Раина робость оттаивала с каждой секундой.

— Ешь, сердечный мой, — сказала уже уверенно, протягивая Юре прямо в ладонях кусочек эсик-фляйш.

Юра весь перемазался кисло-сладкой подливкой, — но было вкусно. Всем было вкусно, все перемазались, мешая все в одну кучу, запуская пальцы то туда, то сюда — а Юра еще к тому же и за лифчик.

«Интересно, только обжиматься будет или по-настоящему даст?»

— Горько! — закричала Петренко, и остальные за нею тоже:

— Горько!

Поцелуй затянулся. Всем было интересно, чтоб подольше.

— Давай, давай! — Их подбадривали, им кричали, как болельщики кричат своим.

— Валь, — спросила Наука у Зайончик, — а тебе действительно ни разу не хотелось попробовать?

— Нет, я до этого дела непристрастная, — просто отвечала Зайончик.

Над Зайончик никогда не смеялись — она умела молиться. Но Наука не любила, когда та молилась, — смеяться тоже не смеялась, но вопросец могла ввернуть.

— А почему ее Наукой прозвали? — хихикнул Юра на ухо Сычевой.
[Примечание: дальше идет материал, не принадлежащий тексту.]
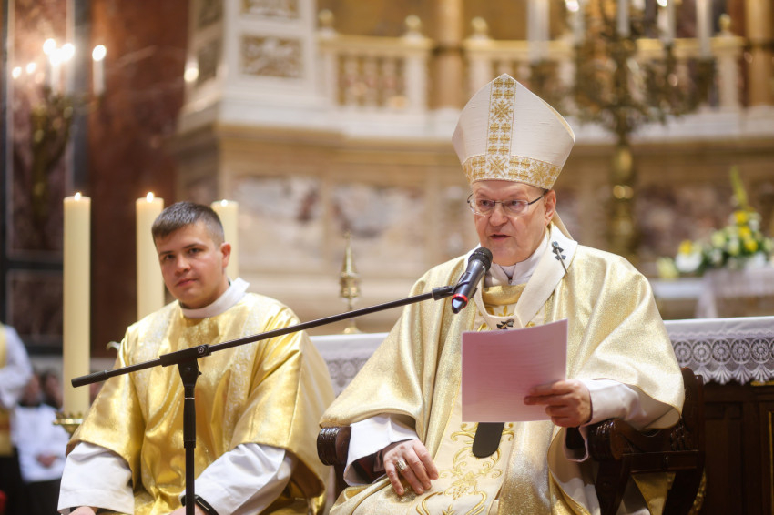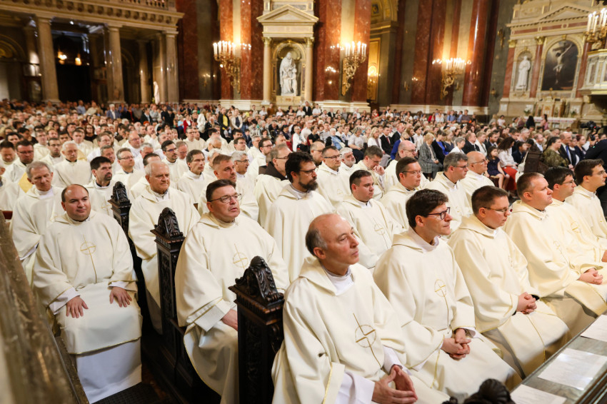 Az esztergomi bazilika felújítási munkálatai miatt a Szent István-bazilikában megtartott szertartáson Mohos Gábor és Martos Levente Balázs esztergom-budapesti segédpüspök mellett a főegyházmegye papságának jelentős része koncelebrált.
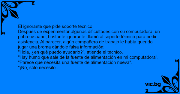 Después de experimentar algunas dificultades соn su computadora, un pobre usuario, bastante ignorante, llamó al soporte técnico para pedir asistencia. Al parecer, algún compañero de trabajo le había querido jugar una broma dándole falsa información:
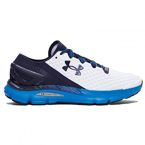 A smooth precision fit for unbelievable comfort, Under Armour's Speedform Gemini 2 Running Shoes in White and Midnight Navy Blue keep you focused on your goals.Having more in common with a slipper than an actual performance trainer, the one-piece upper of this UA Trainer effortlessly slips on, and with ultrasonic welded seaming, a natural feel is assured. There's also perforated material wrapped over the toes and down the sides for added breathability to keep you cool over any distance.The midsole and the Charged Foam material of these Under Armour running trainers are both cushioned and responsive for enhanced performance while the TPU curve in the midfoot brings welcome extra support and stability. When it comes to the sole, the UA Speedform Gemini still excels as the carbon rubber heel keeps the weight off but brings extra durability. Anatomically placed flex grooves also allow an optimal heel-to-toe transition for a smoother ride over firm surfaces.Ideal for all performance levels and skills, from new runners all the way to professionals, run with confidence in a pair of Under Armour Speedform Gemini 2 Running Shoes that'll lead you sprinting towards success.This running shoe weighs 292g (UK size 8).
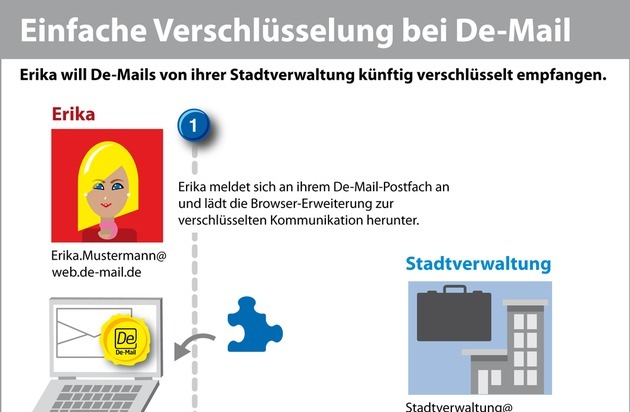 Erika will in Zukunft die De-Mails ihrer Stadtverwaltung verschlüsselt empfangen.
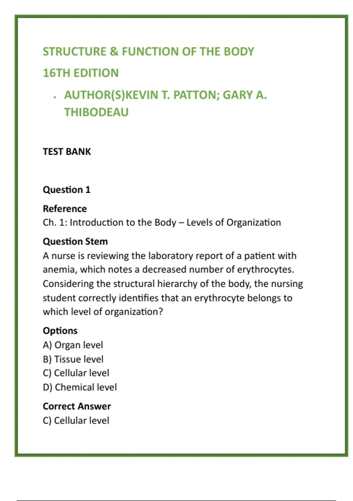 Patton & Thibodeau, 2024, Ch. 1: Introduction to the Body
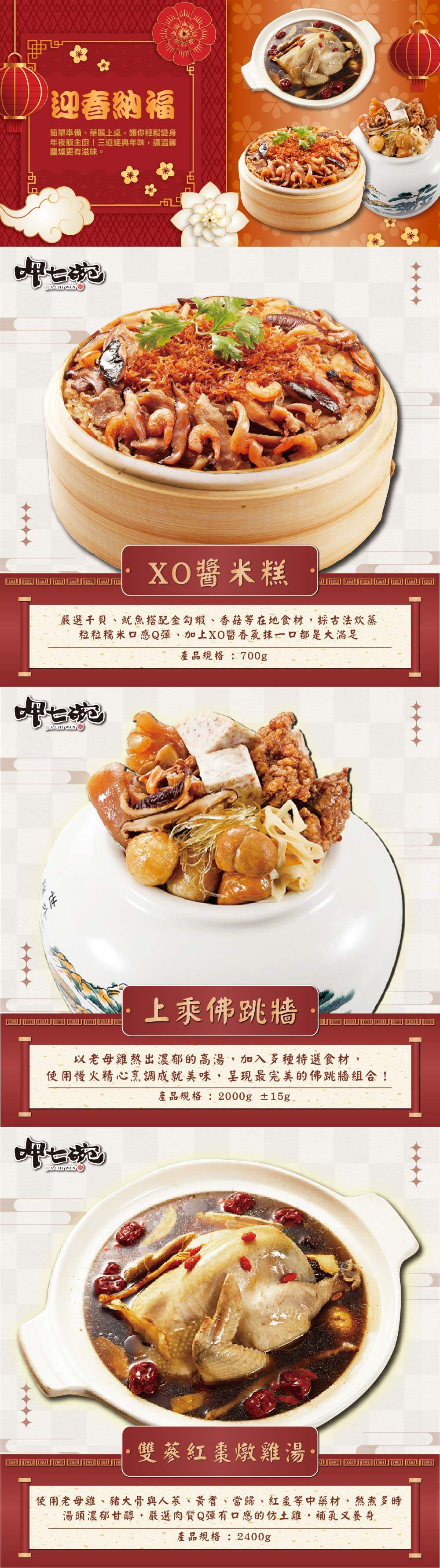 【呷七碗】迎春納福三道組A(佛跳牆+XO醬米糕+雙蔘紅棗燉雞湯)_2026年菜
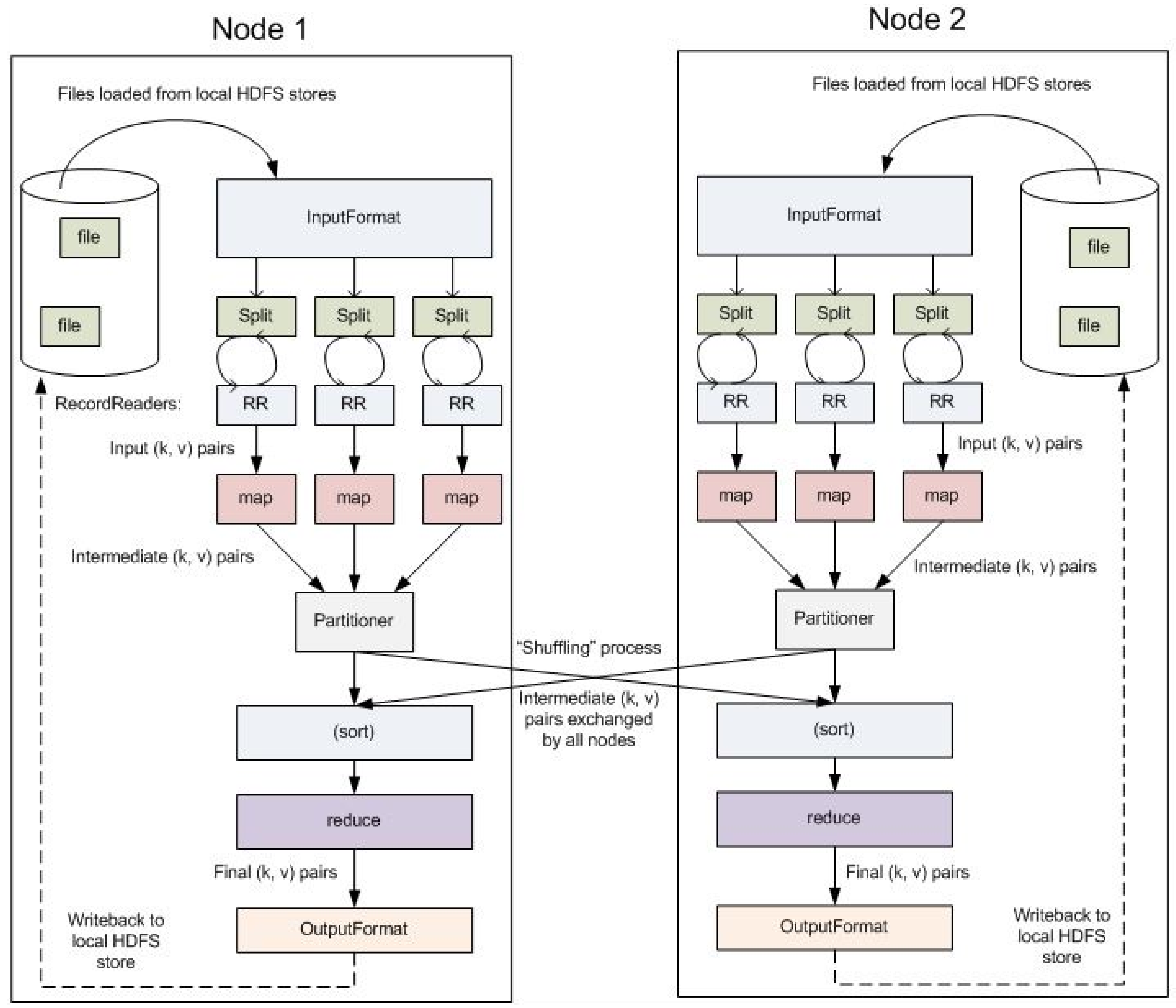 - MapReduce is a computational paradigm for parallel processing using two sequences of execution. First the map phase is a set of key-value pairs and the necessary function is executed over the key-value pairs to produce another interposed key-value pairs. The last application is the reduce phase where the interposed key-value pairs are aggregated by a key and the values are combined together to a final reduction output (Figure 6). In Hadoop, files are split using an input format. An input split is a byte-oriented view of a chunk of the file to be loaded by a map task. Using MapReduce for medical and sensory imaging is becoming a tool of choice, particularly because medical imaging is multi-dimensional data which MapReduce can logically split the data into records and input splits correctly [30,31].
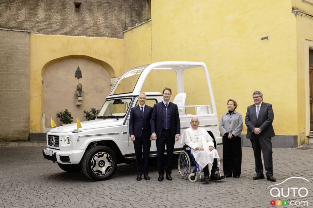 Le nouveau Papemobile électrique, de profil | Auto123.com
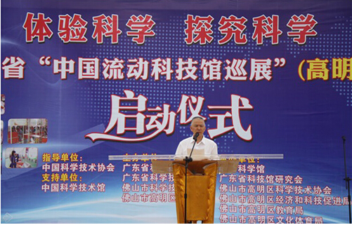 由中国科协指导,中国科技馆支持,广东省科协、广东省科技厅、佛山市科协及佛山市高明区政府主办,佛山市高明区科协承办的2016年广东省“中国流动科技馆巡展”活动(高明站)启动仪式于7月27日上午9时在佛山市高明区文化中心举行。广东省科协党组成员、副主席吴焕泉,广东科学馆馆长何少强,佛山市科协党组书记、主席黄文等领导和群众师生代表300多人出席了本次启动仪式。广东省科协党组成员、副主席吴焕泉,佛山市高明区人民政府副区长李泰霖分别在仪式上致辞,佛山市高明区委区府办副主任黄宝坚主持启动仪式。
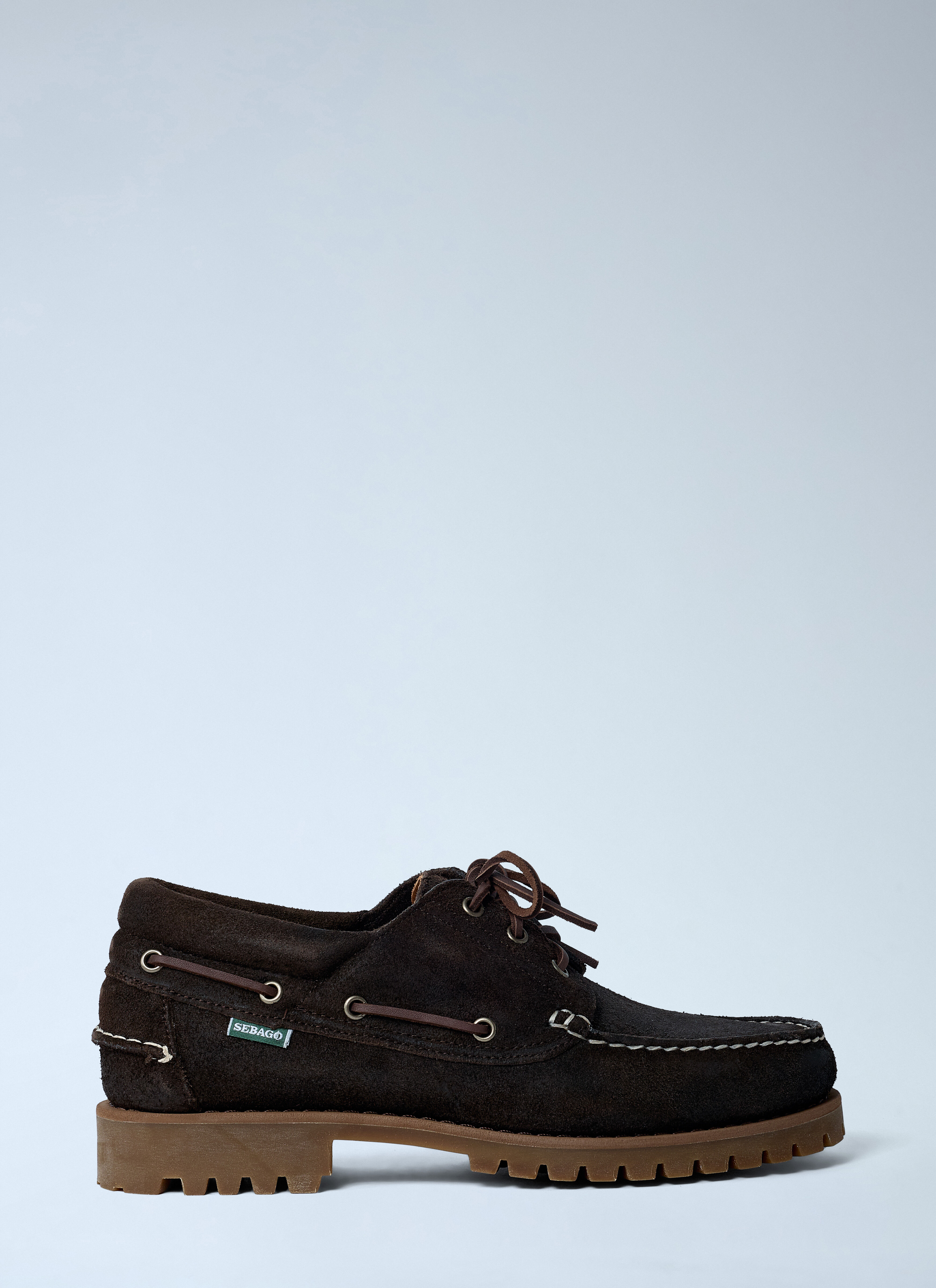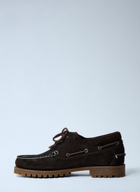 Leather boat shoes in suede finish. - Round toe - Front lace-up fastenings - Logo patch at side - Lace detail at side - 100% Leather - Color: Brown - Code: 74114CW 901
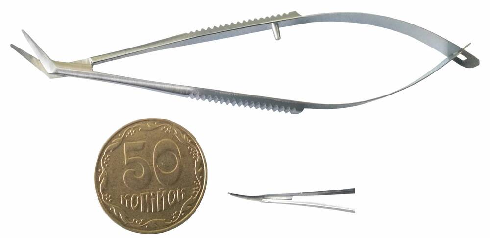 Ножиці для рогівки вигнуті під кутом 90 мм
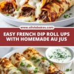 Delicious French Dip Tortilla Roll Ups are a creative twist on the classic French dip sandwich, featuring thinly sliced roast beef and melted mozzarella or provolone cheese rolled inside soft flour tortillas. Baked to golden perfection with a flavorful butter and herb coating, these bite-sized roll ups are served with a savory au jus dipping sauce made from beef broth and seasonings. Perfect as an appetizer or snack, they offer a gooey, crispy, and savory experience.
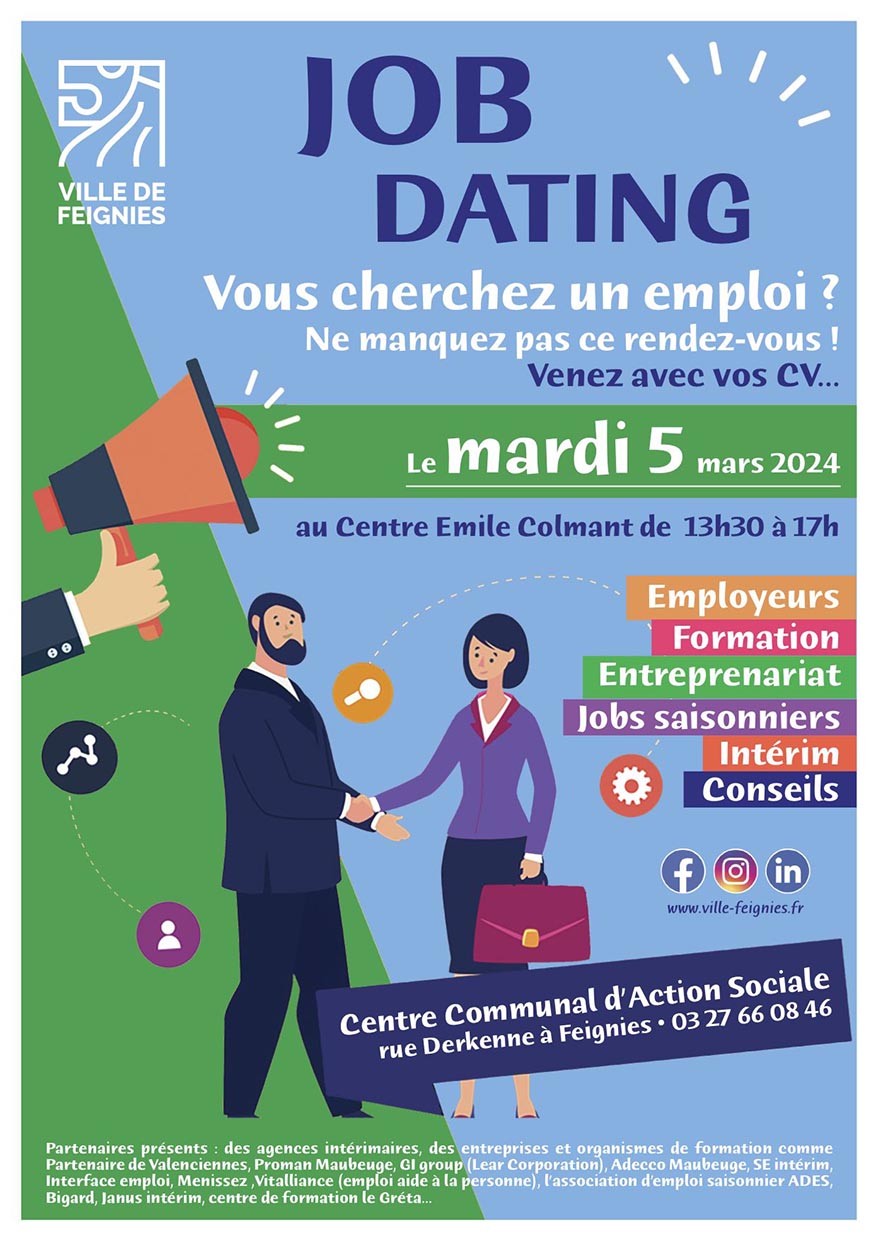 mars, 2024 Job dating Centre Emile Colmant rue Alfred Derkenne 2024mar05mar13 h 30 min17 h 00 minJob dating13 h 30 min - 17 h 00 min Centre Emile Colmant, rue Alfred DerkenneType d'événement:Emploi,Jeunesse,Solidarité Détails de l'événement Détails de l'événement Date (Mardi) 13 h 30 min - 17 h 00 min LieuCentre Emile Colmantrue Alfred Derkenne CalendrierCalendrier Google
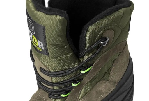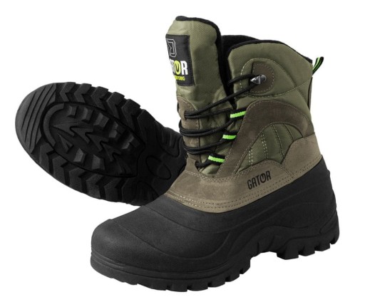 Взуття Delphin GATOR створене для екстремальних експедицій, особливо в холодну пору року. Піднятий гумовий край підошви доходить до щиколотки, тому ходити по болотах, талому снігу та грязі для GATOR не проблема. Цю гумову частину також дуже легко чистити. Верх у цьому стилі – це поєднання міцної нейлонової тканини та штучної шкіри. Ці матеріали стійкі до негоди і при необхідності їх легко просочити. Язичок черевика вшитий на висоту 17 см, що дозволяє недовго пересуватися в таких глибоких сирих місцях. Шнурівка - це рішення через текстильні люверси, у верхній частині шнурівки є одне металеве вушко. Внутрішня частина взуття виконана зі зручного мікрофлісу. Тепловий комфорт забезпечує шар штучної мікрофібри між зовнішнім і внутрішнім шарами. Чорно-зелене поєднання матеріалів оцінять не тільки рибалки, а й мисливці, туристи та всі інші любителі природи. Незважаючи на свою міцність, взуття дуже легке, що неодмінно стане в нагоді під час тривалих прогулянок. Наприклад, обидва туфлі 43 розміру важать лише 1200 г.
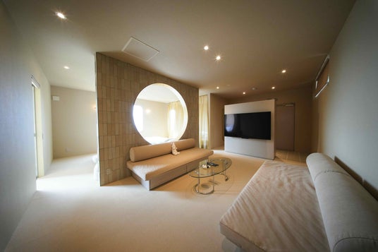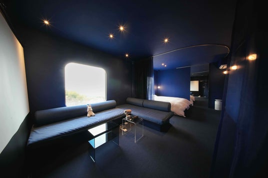 夕陽から夜のブルーへの移ろいを感じられる、夢とインスピレーションの部屋。プロジェクターを備え、映画鑑賞やスポーツ観戦、推し活など、過ごし方の幅が広がる空間設計が特徴です。
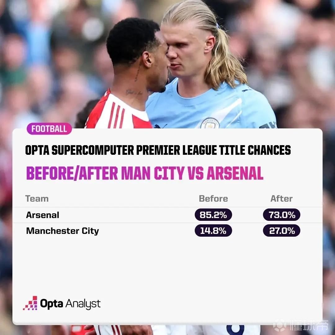 然而,Opta的超级计算机却给出了一个有些“反直觉”的概率预测。数据显示,在本场比赛开始前,阿森纳的夺冠概率为85.2%,曼城则为14.8%;而本场比赛结束后,阿森纳的夺冠概率降至73%,曼城的夺冠概率上升至27%,阿森纳的夺冠概率依旧远超曼城。
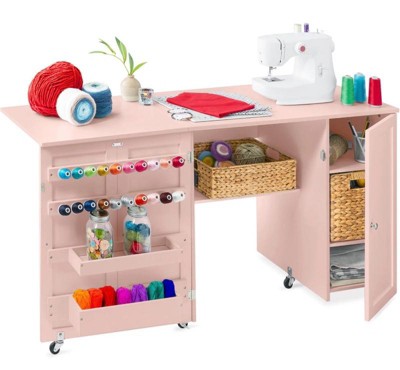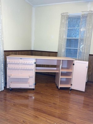 [This review was collected as part of a promotion.] I was gifted this product in exchange for my honest review. - this fold up, portable crafting table is everything ! It is really sturdy even when opened up. It has so much storage space with shelves and cubby baskets, and folds up easily to give you more floor space when not in use. It’s easy to move around since it’s on wheels and the wheels have locks so when you put it where you want it , it doesn’t wiggle around.
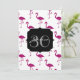 Personalize o convite de aniversário com o seu nome e nome iniciais. Lindas cinzas brilhantes e brilhantes brilham no verão, exóticas aves flamingas. Foto de faíscas cor-de-rosa não é uma falha real!
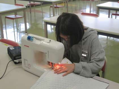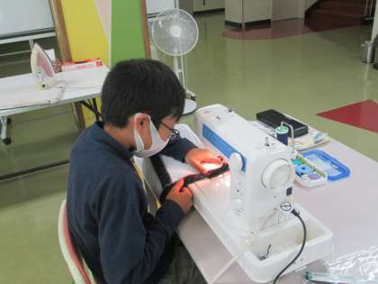 6年生は、家庭科で「トートバッグ」をミシンで縫っています。今日は、最難関の出し入れ口を縫いました。布が重ならないように注意しながら、慎重に作業を進めていました。
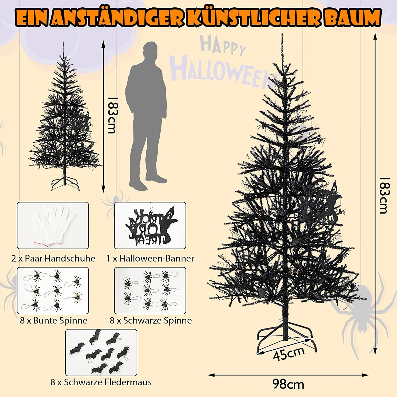 - Lieferumfang: 1 x Künstlicher Baum;2 x Handschuhe;1 x schwarze Geisterkarte zum Aufhängen;8 x Bunte Spinnenanhänger;8 x Schwarze Spinnenanhänger;8 x Fledermausanhänger;1 x Benutzerhandbuch
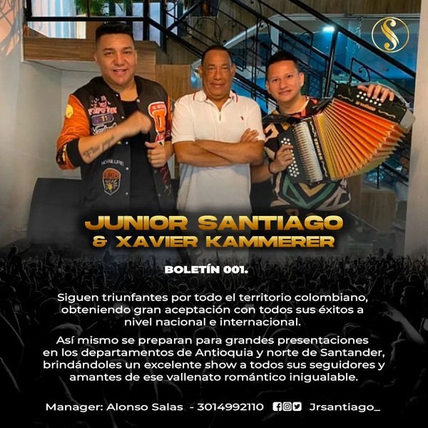 @jrsantiago_ & @xavier_kammerer Siguen triunfantes por todo el territorio colombiano, obteniendo gran aceptación con todos sus éxitos a nivel nacional e internacional. Así mismo se preparan para grandes presentaciones en los departamentos de Antioquia y norte de Santander, brindándoles un excelente show a todos sus seguidores y amantes de ese vallenato romántico inigualable. Manager @alonso.salas.98622 📱3014992110 SM: @cccastro_4
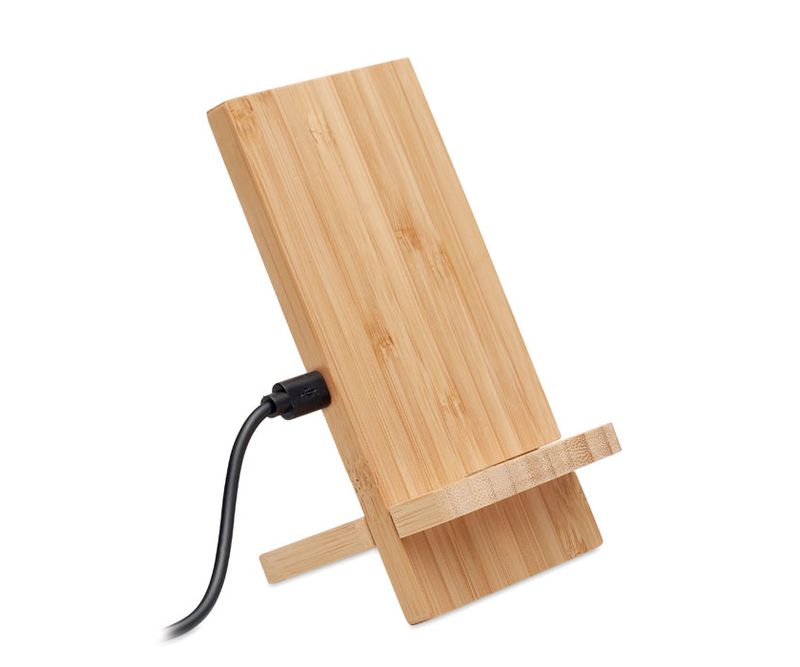 Suport / incarcator fara fir cu bobina dubla, din bambus. Asezati telefonul pe acesta pentru a incepe incarcarea. Include 2 piese, este necesara asamblarea. Iesire: DC 9V/1,1A (10W) pentru incarcare rapida. Bambusul este un produs natural FSC 100% | N5.7 | FSC-C213206

— А потому что, — так же наклонилась к его уху Сычева, — потому что Верка-то Костина, значит, что сделала: скелет свой музею завещала — говорит, для науки. Говорит, что наука сумеет оживить человека, а не Бог. У нее вера такая — в науку. Что потом по костям всех покойников ученые оживят. Уже при коммунизме. Она за это Зайончик не любит, Валька верующая и Науке мешает… А что, Коль, может такое быть?

— Коммунизма точно не будет. И оживлять не будут. Один раз живем.

— Коленька, родненький, да ты что это говоришь такое — что не будет коммунизма?

— Будет, я пошутил.

— Смотри, а шепчутся-то как, шепчутся-то как, — сказала Отрада, не обращая внимания на тейглах, настойчиво протягиваемые ей Гордеевой. — Да отвяжись ты к Богу в рай! Сама ешь…

— Мы о Науке — что так ее прозвали, — объяснила Рая, — а не о том, о чем ты думаешь.

— Молчи, Сычиха, — отобью мужика! — Наука придуривалась, что опьянела, на самом деле только слегка повеселела. Но этой темы ей действительно не хотелось сейчас касаться, это — святое, это — и Трушина, тетя Дуся. Тетя Дуся обладала над Костиной какой-то неизъяснимой властью, может быть, еще большей, чем над всеми остальными. Посвящена ли была в самое сокровенное Наукиной веры, а может, лично была связана с этим сокровенным — мы этого никогда не узнаем. Так и останется Трушина великой тайной Веры Костиной.

— А вот, — Трушина ни с того ни с сего представляет Юре Гордееву, — Настасья, ненастьюшко наше.

Зарево заката, предвещающее ненастный день, — такой действительно сидела сейчас Гордеева, глаза опущены, не шелохнется. Обижена на Любу Отраду. Впрочем, от этих слов тети Дуси она дернулась в нервном смешке.

— Тоже мне, горе луковое, — продолжала тетя Дуся. — Ну, сама бы и съела.

— Не хочу!

— Ешь, ешь, а то как Нинка станешь.

Последнее подействовало.

Петренко стала подражать тете Дусе:

— А это Чувашева, мы Крольчихой ее, Коля, зовем.

— Не ври! — взвизгнула Чувашева. А Петренко и счастлива.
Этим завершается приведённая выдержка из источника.